Re: [PATCH v2 7/7] iommu/arm-smmu-v3: Block ATS upon an ATC invalidation timeout
From: Shuai Xue
Date: Thu Mar 19 2026 - 03:41:57 EST
On 3/19/26 11:26 AM, Nicolin Chen wrote:
On Thu, Mar 19, 2026 at 10:56:43AM +0800, Shuai Xue wrote:
On 3/18/26 3:15 AM, Nicolin Chen wrote:
For batched ATC_INV commands, SMMU hardware only reports a timeout at the
CMD_SYNC, which could follow the batch issued for multiple devices. So, it
isn't straightforward to identify which command in a batch resulted in the
timeout. Fortunately, the invs array has a sorted list of ATC entries. So,
the issued batch must be sorted as well. This makes it possible to bisect
the batch to retry the command per Stream ID and identify the master.
Nit: The implementation is a linear per-SID retry, not a binary
search / bisection. Suggest rewording to:
"retry the ATC_INV command for each unique Stream ID in the batch
to identify the unresponsive master"
You are right. And that sounds OK.
+ step = arm_smmu_get_step_for_sid(smmu, sid);
+ WRITE_ONCE(step->data[1],
+ READ_ONCE(step->data[1]) & cpu_to_le64(~STRTAB_STE_1_EATS));
This non-atomic read-modify-write on step->data[1] can race with the
normal STE installation path (arm_smmu_write_entry → entry_set →
WRITE_ONCE).
The error path runs from:
__arm_smmu_domain_inv_range() (data path, no group->mutex)

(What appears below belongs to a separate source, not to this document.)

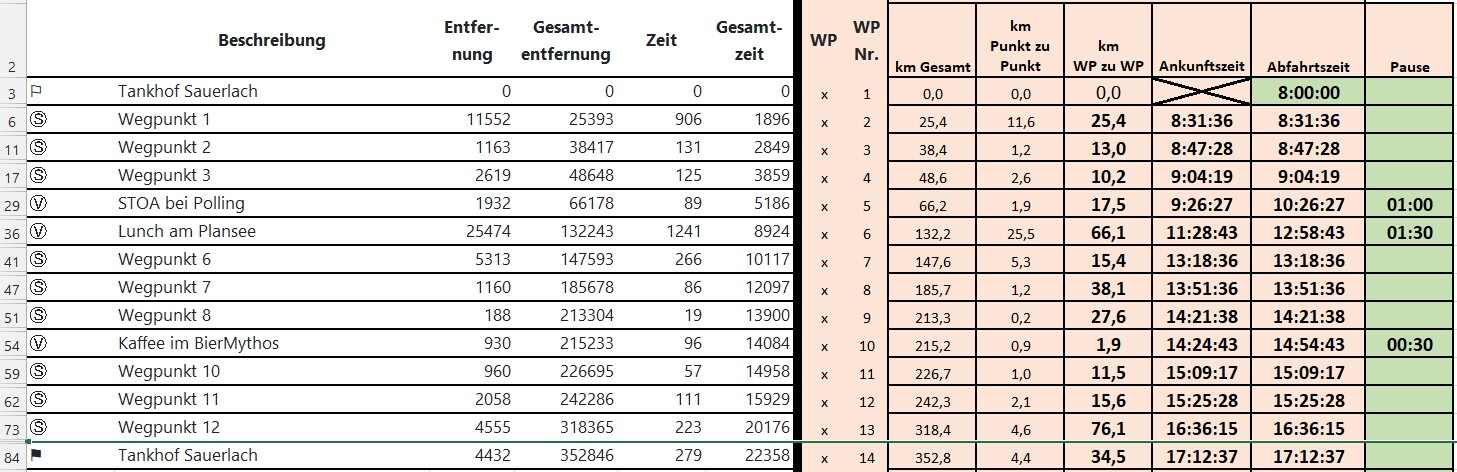 Ich habe mir Deine schicke Tabelle auch mal angeschaut. Verstehe ich die Tabelle richtig, dass bei WP1 eine Pause von 1 Std eingelegt wird oder habe ich einen Gedankenfehler, weil Ankunftszeit und Abfahrtszeit nicht analog sind?

→ arm_smmu_cmdq_batch_retry()
→ arm_smmu_master_disable_ats()
→ arm_smmu_disable_eats_for_sid() ← NO locks on STE
The normal STE path runs from:
iommu_attach_device()
→ mutex_lock(&group->mutex)
→ arm_smmu_attach_dev()
→ mutex_lock(&arm_smmu_asid_lock)
→ arm_smmu_install_ste_for_dev()
→ arm_smmu_write_entry() ← holds both mutexes
Since the error path holds neither group->mutex nor arm_smmu_asid_lock,
the following race is possible:
Because invalidations can be in atomic context so we can't hold
those mutex locks.
CPU A (error path): CPU B (attach path):
READ data[1] = X
WRITE data[1] = Y (new STE config)
WRITE data[1] = X & ~EATS
// Y is lost
This could clobber a concurrent STE update from the attach path.
Oh, that's true. Maybe this:
__le64 new, old = READ_ONCE(step->data[1]);
[...]
do {
new = old & cpu_to_le64(~STRTAB_STE_1_EATS);
} while (!try_cmpxchg64(&step->data[1], &old, new));
?
Yes, the cmpxchg loop looks correct to me.
Thanks.
Shuai